CLAREMONT, CALIFORNIA – Since ascending to the Chinese Communist Party’s top post in November 2012, Xi Jinping has confounded observers. While his political strategy has entailed tightening the CCP’s control over ideology, cracking down on official corruption, repressing dissent, and championing a more nationalistic foreign policy, he has announced an unusually bold economic-reform blueprint.
The world will soon find out whether Xi’s politically conservative course is intended to facilitate his pro-market economic reforms. Having spent 2013 consolidating his position and formulating his agenda, this year Xi will have to begin delivering on his promises and demonstrating that he is as capable of applying power as he is at accumulating it. His success will depend on how he addresses three major challenges.
The first challenge confronting Xi in 2014 is undoubtedly implementation of his economic-reform package, which has aroused both excitement and skepticism since it was unveiled in mid-November. Optimists point to the package’s ambitious goals as evidence of Xi’s commitment to reform, while critics cite its vagueness and lack of a specific timetable as grounds for caution.
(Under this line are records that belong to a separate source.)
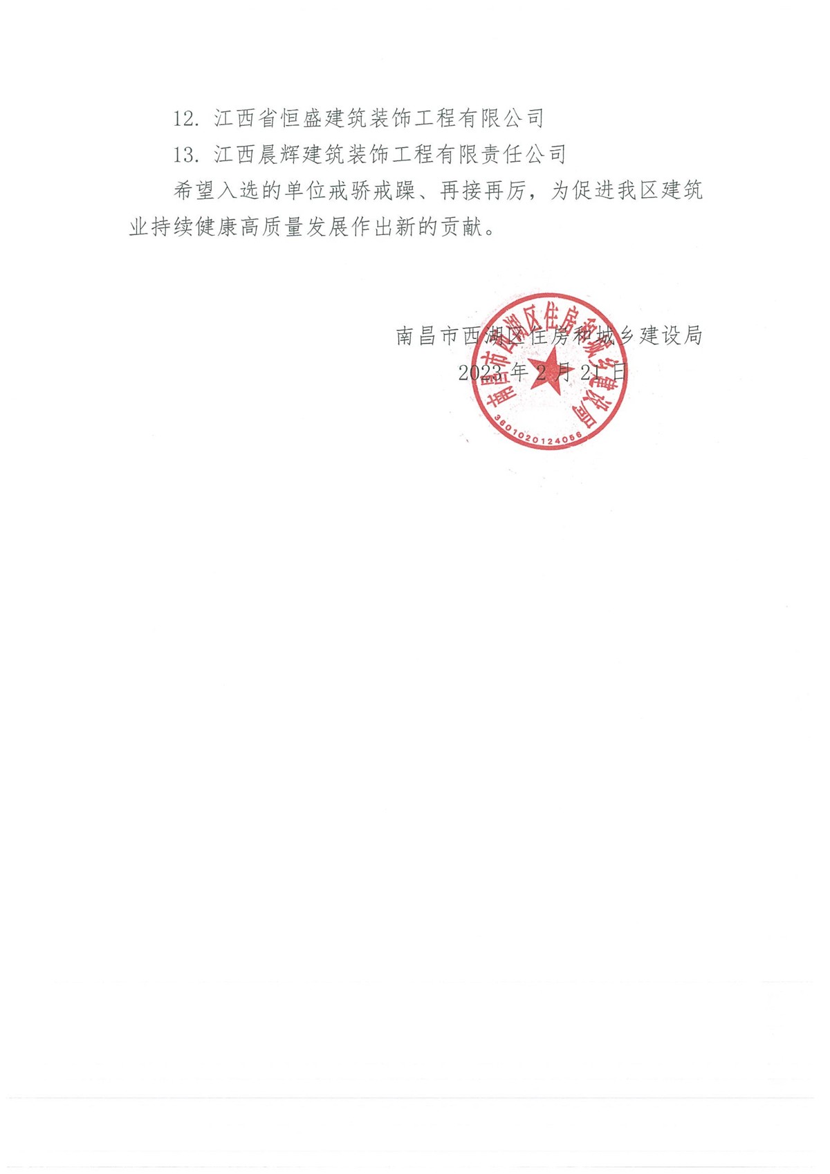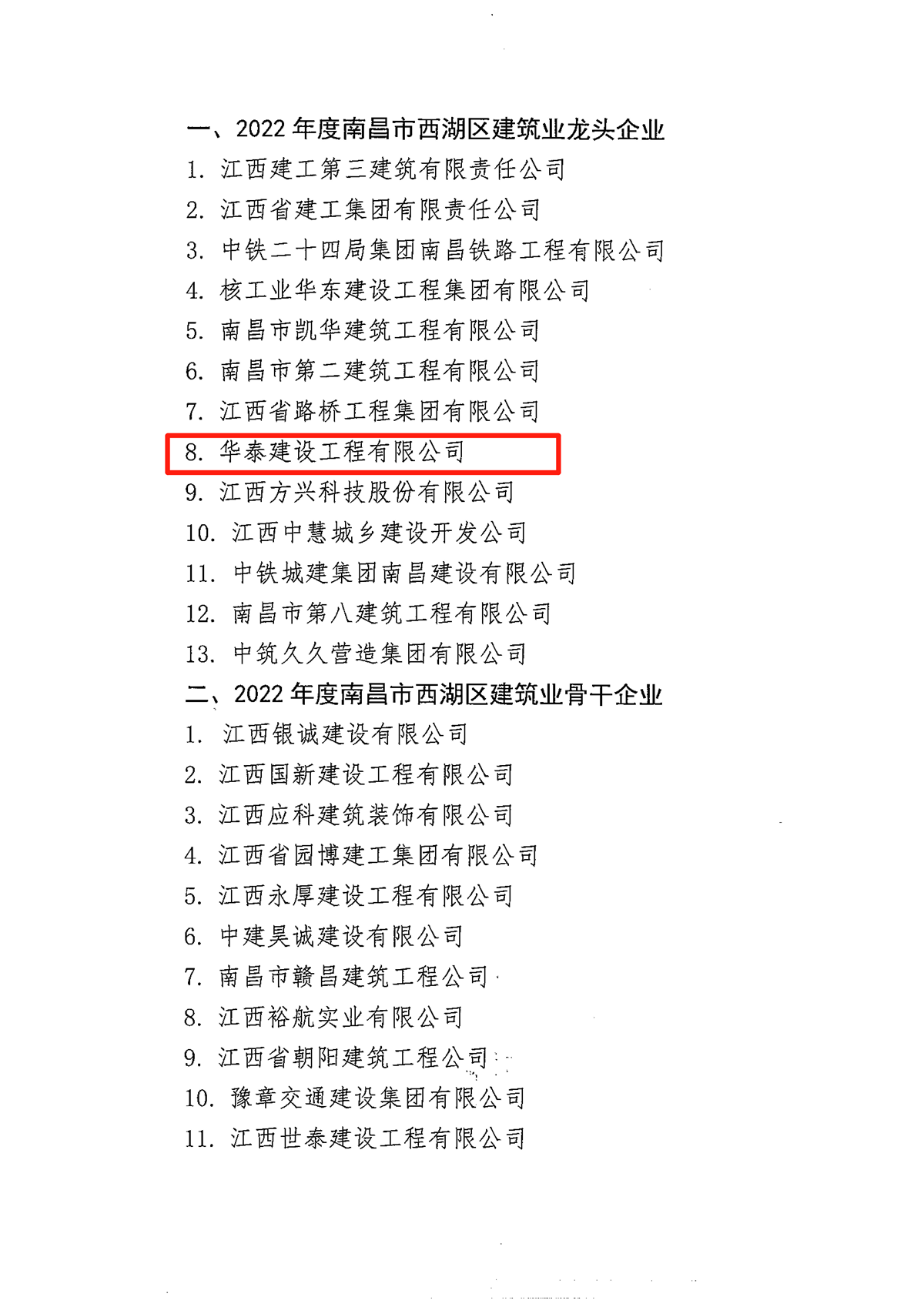 2023年2月21日,恰逢農歷二月二龍抬頭,在這個紅紅火火的日子,南昌市西湖區住房和城鄉建設局發布了《關于公布2022年度南昌市西湖區建筑業龍頭企業、骨干企業名單的通報》,經層層嚴格考評認定,華泰建設工程有限公司憑借實干篤行與卓越品質獲得“2022年度南昌市西湖區建筑業龍頭企業”榮譽稱號!
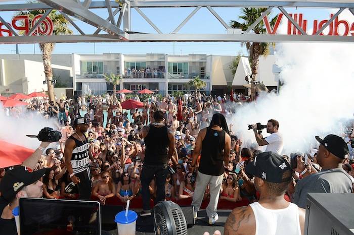 The celebration ignited when the artist sprayed fans with Moët & Chandon champagne while performing his brand new club banger, “Twerk It.” Gorgeous bikini-clad guests rushed to the stage to show off their hottest dance moves, with Busta inviting a few lucky ladies up.
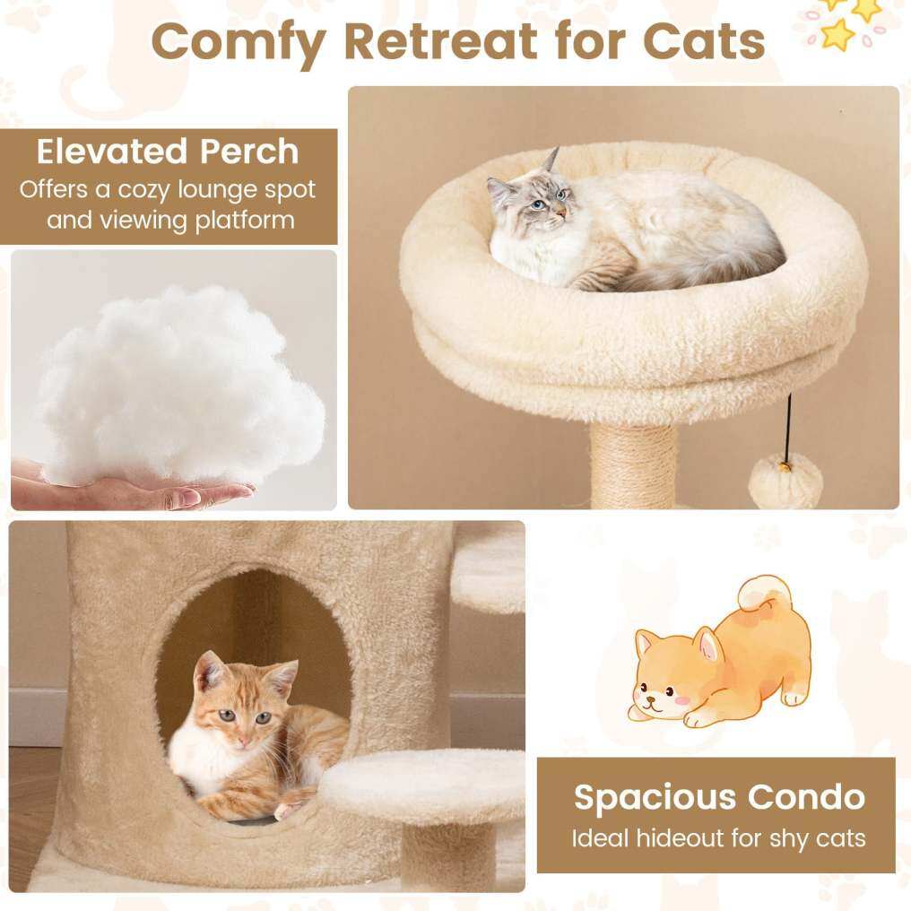 【Comfortable Cat Hideaway】Equipped with a padded top perch, the cat tower provides a cozy lounging space with a high view. The raised edges filled with soft fiber provide optimal comfort for your pets. In addition, the large condo provides a secluded corner for a stress-free nap.
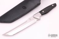 This Hokkaido fixed blade by John Barker features a hand rub satin finished blade with false top edge and notched thumbrest, mirror polished tanto edge, .175" blade stock and 1.358" blade depth, full tapered tang construction. The handle has satin finished stainless steel bolsters with a mild dovetail, black linen micarta scales. Comes with a hand tooled black leather sheath by Paul Long. Has a few light scratches, otherwise excellent condition.
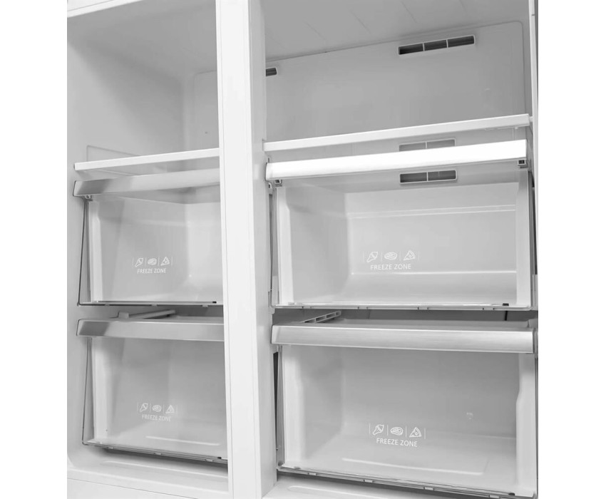 Количество камер: двухкамерный. Расположение морозильной камеры: снизу. Тип управления: электронное. Класс энергопотребления: A+. Система размораживания: No Frost. Общий объем холодильника: 417. Общий объем холодильной камеры: 288. Общий объем морозильной камеры: 129. Уровень шума: 42. Хранение при отключении питания: 12. Количество полок: 2. Количество ящиков: 4. Зона свежести: есть. Количество полок: 2. Система размораживания: No Frost. Тип: Холодильник. Хладагент: R600a. Количество ящиков: 2. Вес (нетто): 92. Количество дверей: 4. Тип компрессора: инверторный. Габариты упаковки (ед) ДхШхВ: 0.9x0.68x1.9. Вес упаковки (ед): 99. Страна производства: Китай. Инверторный компрессор: есть. Количество полок на дверце: 4. Наличие морозильной камеры: есть. Температура морозильной камеры max: -23. Температура морозильной камеры min: -15. Температура холодильной камеры max: 8. Температура холодильной камеры min: 2. Тип дисплея: внешний. Тип вилки: ЕВРО. Cross door: есть. Направление открывания двери: Side by Side. Гарантия: 36 мес.. Цвет: серый. Потребление энергии: 365 кВт*ч/год. Размеры (ШхВхГ): 83.6 х 183 х 63.6 см. Климатический класс: SN, T. Индикация: открытой двери, температуры. Особенности холодильника: дисплей. Функции: защита от детей, режим отпуск, суперзаморозка, суперохлаждение. Класс энергопотребления: A+. Размеры (ШхВхГ): 83.6 х 183 х 63.6 см. Объем: общий 417 л; холодильной камеры 288 л; морозильной камеры 129 л. Цвет: серый. Морозильная камера: снизу, размораживание…
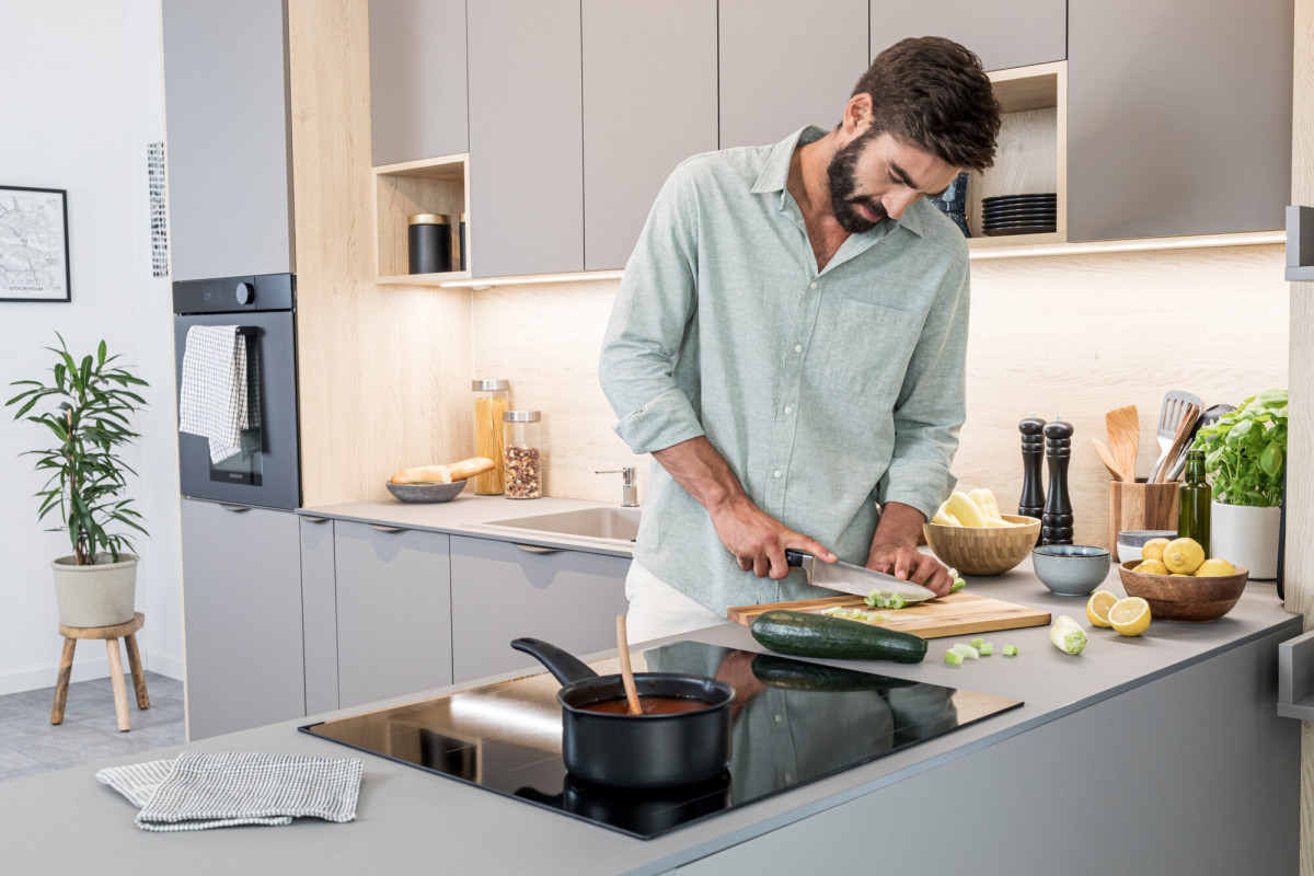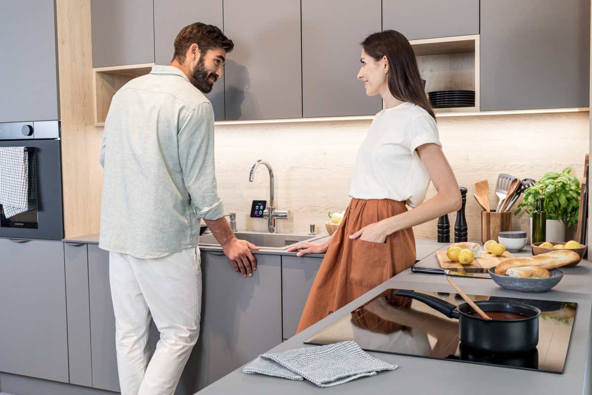 Kuchnia to obok łazienki najbardziej wymagające wnętrze w domu pod względem doboru odpowiednich mebli. To jasne, że szukamy mebli, które odpowiadają nam stylem czy kolorem, ale oprócz niego warto pamiętać, że meble kuchenne powinny być wytrzymałe na panujące tu warunki. Wysoka temperatura, para wodna, tłuszcz, dzienne światło i odciski palców – wszystkie te czynniki nie sprzyjają meblom i szybko weryfikują, czy wybrana zabudowa została wykonana w wysokiej, czy średniej jakości. Na zwykłych meblach, często lakierowanych, już po krótkim użytkowaniu mogą pojawić się odpryski, naderwania czy w przypadku tych foliowanych widoczne są spuchnięcia, a fronty pod wpływem słońca mogą zmienić oryginalny kolor. Co więcej, w miejscu łączenia krawędzi z frontem mebla gromadzi się brud, a zdarza się, że i obrzeże po czasie odrywa się i nie tylko mało estetycznie to wygląda, ale i niszczy cały front. Dlatego warto wiedzieć, że łączenie obrzeży z frontem REHAU można wykonać w technologii bezspoinowej – co daje efekt monolitycznego mebla bez widocznej fugi. Co to oznacza w praktyce? Twoje meble posłużą Ci dłużej, będą bardziej odporne, a estetyka Cię zachwyci – gwarantujemy. Brak widocznych łączeń zapewnia genialną estetykę – monolitycznego frontu.

In order to prove the skeptics wrong, Xi must translate rhetoric into policy, and policies into concrete, measurable results. This means starting the new year by implementing reforms that require only administrative action, such as granting licenses to private banks, increasing competition by removing barriers to entry for private firms, liberalizing interest and exchange rates, and extending residency rights to migrant laborers in small cities and towns.